Records from a data source:
# # # #

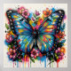 A hyperdetailed, ultra-quality closeup of a Blue Morpho Butterfly with vibrant, polychromatic wings, rendered in a vivid fusion of graffiti and splash art styles. Spray paint and melting oil gouache techniques create a high-contrast, street art aesthetic. Acrylic textures and CGSociety-level detail define the intricate floral nature elements surrounding the butterfly.
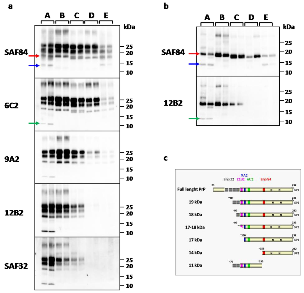 The PrPres type D, found in BSE, was characterized by a single C-terminal fragment of 17 kDa which was well detectable with SAF84 and 6C2, but barely detected by 9A2, and not at all by 12B2 and SAF32 mAbs (Figure 1a,b).
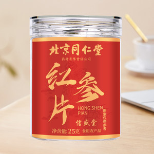 北京同仁堂无糖红参片中红渗葯材高丽参长白山人参正品官方旗舰店
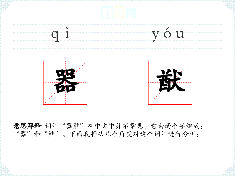 词汇“器猷”在中文中并不常见,它由两个字组成:“器”和“猷”。下面我将从几个角度对这个词汇进行分析:
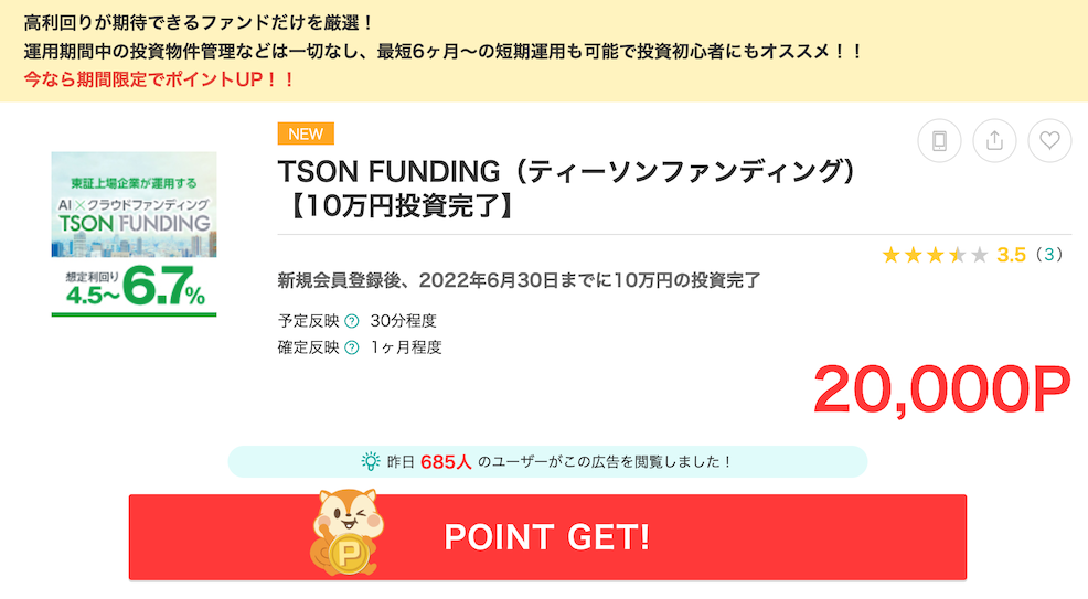 投資のためリスクはあるものの1案件で大量ポイントを獲得できるのは魅力的ですね。
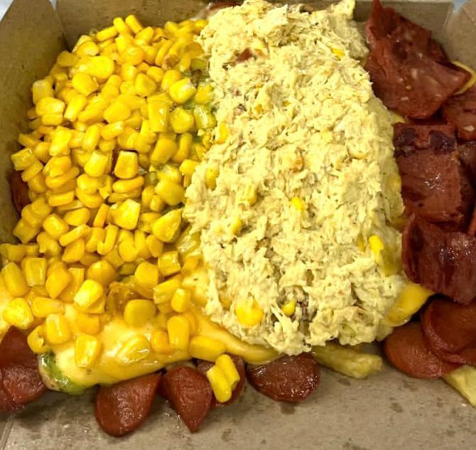 Pollo en crema, tocineta, maíz, queso, papa y salchicha.
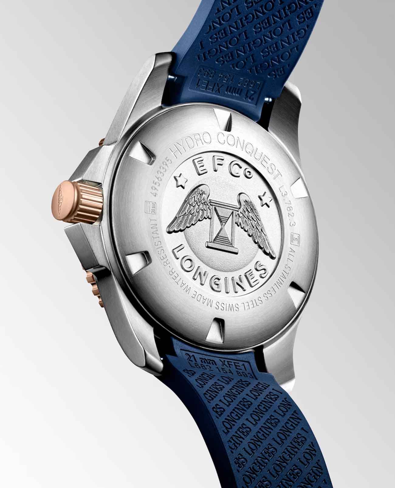 Мужские швейцарские механические часы для дайвинга Longines Hydroconquest L3.782.3.98.9. Сапфировое стеклоСапфировое стеклоПрочный и надёжный материал из кристалла сапфира синтетического происхождения, характеризующийся особой твёрдостью и устойчивостью к царапинам и повреждениям. с многослойным антибликовым покрытием с обеих сторон, устойчивое к появлению царапин, обладающее высокой прозрачностью. Корпус часов изготовлен из стали. Вращающийся безельБезельВнешний ободок, закрепляющий стекло. В спортивных часах так называется поворотное кольцо с делениями на циферблате, выполняет роль таймера – замеряет отрезки времени на шкале. Неподвижный безель – элемент декора. Однонаправленно вращающийся безель на дайверских часах позволяет фиксировать моменты погружения и выныривания на поверхность. из стали с PVD-покрытиемPVDУльтратонкое покрытие наносится в технике вакуумного напыления, сочетает в себе нитрид титана особой прочности со слоем золота или оксида хрома. Несёт в себе декоративную или защитную функцию. и керамики, защищенный от царапин, никогда не изнашивается и не выцветает. Стрелки и метки с люминесцентным покрытиемЛюминесцентное покрытиеПозволяет считывать показания времени в темноте. Производители наносят на стрелки, часовые индексы, безель или поверхность циферблата светонакопительный состав, дающий холодное свечение.. Окошко даты находится в положении 3 часов. Класс водозащиты: 300 метров, позволит плавать, нырять и заниматься другими водными видами спорта. Каучковый ремешок на раскладной застёжкеРаскладная застёжкаТакой тип застёжки используется только на браслетах из металла. Она никогда не раскрывается полностью, происходит разделение на 2 и более частей. Раскладывающая застёжка снизит вероятность потери часов к минимуму..
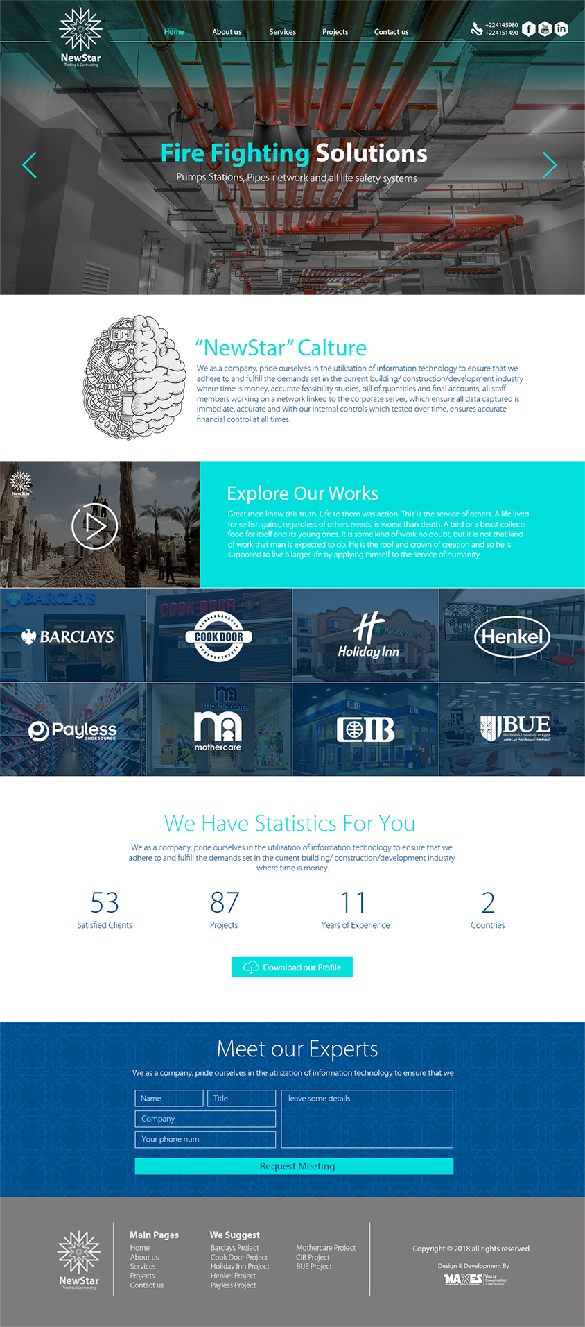 We studied companies competing for New Star and discovered that most of them use almost the same pallet colors between blue and gray to red and gray or orange or gray or red and black and a lot of traditional pallets and this is not a shame, but the entry of a new company in that busy area requires a striking color, and after we chose our colors Carefully, you can distinguish the identity of New Star from all the companies that submit to win a tender for a project .. You can feel the big difference in thought between them and competitors from the company profile to its website, which depends on the history of the company and its customers

# # # #

**What you are asked to do**
Each line from the top of the records through the one containing "Pollo en crema, tocineta, maíz, queso, papa" needs to be transcribed exactly, without pictures.

**Solution for this exercise**
 A hyperdetailed, ultra-quality closeup of a Blue Morpho Butterfly with vibrant, polychromatic wings, rendered in a vivid fusion of graffiti and splash art styles. Spray paint and melting oil gouache techniques create a high-contrast, street art aesthetic. Acrylic textures and CGSociety-level detail define the intricate floral nature elements surrounding the butterfly.
 The PrPres type D, found in BSE, was characterized by a single C-terminal fragment of 17 kDa which was well detectable with SAF84 and 6C2, but barely detected by 9A2, and not at all by 12B2 and SAF32 mAbs (Figure 1a,b).
 北京同仁堂无糖红参片中红渗葯材高丽参长白山人参正品官方旗舰店
 词汇“器猷”在中文中并不常见,它由两个字组成:“器”和“猷”。下面我将从几个角度对这个词汇进行分析:
 投資のためリスクはあるものの1案件で大量ポイントを獲得できるのは魅力的ですね。
 Pollo en crema, tocineta, maíz, queso, papa y salchicha.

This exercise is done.